Agriculture, construction and forestry are most frequently represented in these numbers; but why?
The answer isn't one everyone wants to hear. The fact is, they're inherently more dangerous than most other occupations. Stuff up in the office, and a file might go in the wrong place, or a phonecall doesn't get made. Maybe you even lose a big client over your mistake. But nobody is actually going to die (even if you might want to earth to open up and swallow you at the time). Make a mistake; be in the wrong place, forget to do something, or fail to communicate in one of those three industries, and somebody really might get hurt, or worse. The numbers prove it.

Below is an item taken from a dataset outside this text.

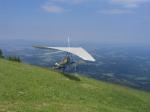 Sehr schöner Wiesenstart Richtung Süden mit kleinem Windfähnchen. Meistens Gleitflug kann jedoch bei entsprechenden Voraussetzungen auch thermisch werden.
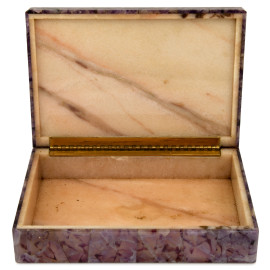 Lotto di cinque scatole portagioie rivestite in marmi e pietre dure, misura massima cm 15,5x5,5, (difetti)

The stink of it is, that without eradicating those industries altogether - and what would NZ be without its vast tracts of fertile farmland or its rich stands of forestry? - we can't eliminate the dangers within them.
Health and safety seems to be a phrase that universally irritates people; it changes the way they work, asks for needless bits of paper and creates more administration work. Sometimes, it makes the work itself more difficult, when the safety ideas come from a place that has never seen any work outside of the sanctuary of an air-conditioned office.
But, we've got to do SOMETHING. For every one of those statistics, every one of OUR PEOPLE that has been killed at work so far this year alone, there's a whole story. They aren't a number. They are a name, and a face, a laugh and a voice. Their story might have finished, but now comprises that of the loved ones who miss them - the story doesn't end for those left behind. It continues to be told in heartbreak. The cost of workplace accidents can't be quantified in something as simple as the calculation of lost wages or downtime on a worksite. Its the loss of fathers and mothers, sons and daughters. The loss of individuals whose gifts might have one day changed the world. Maybe we can afford the ACC payouts. But we can't afford to keep losing our people.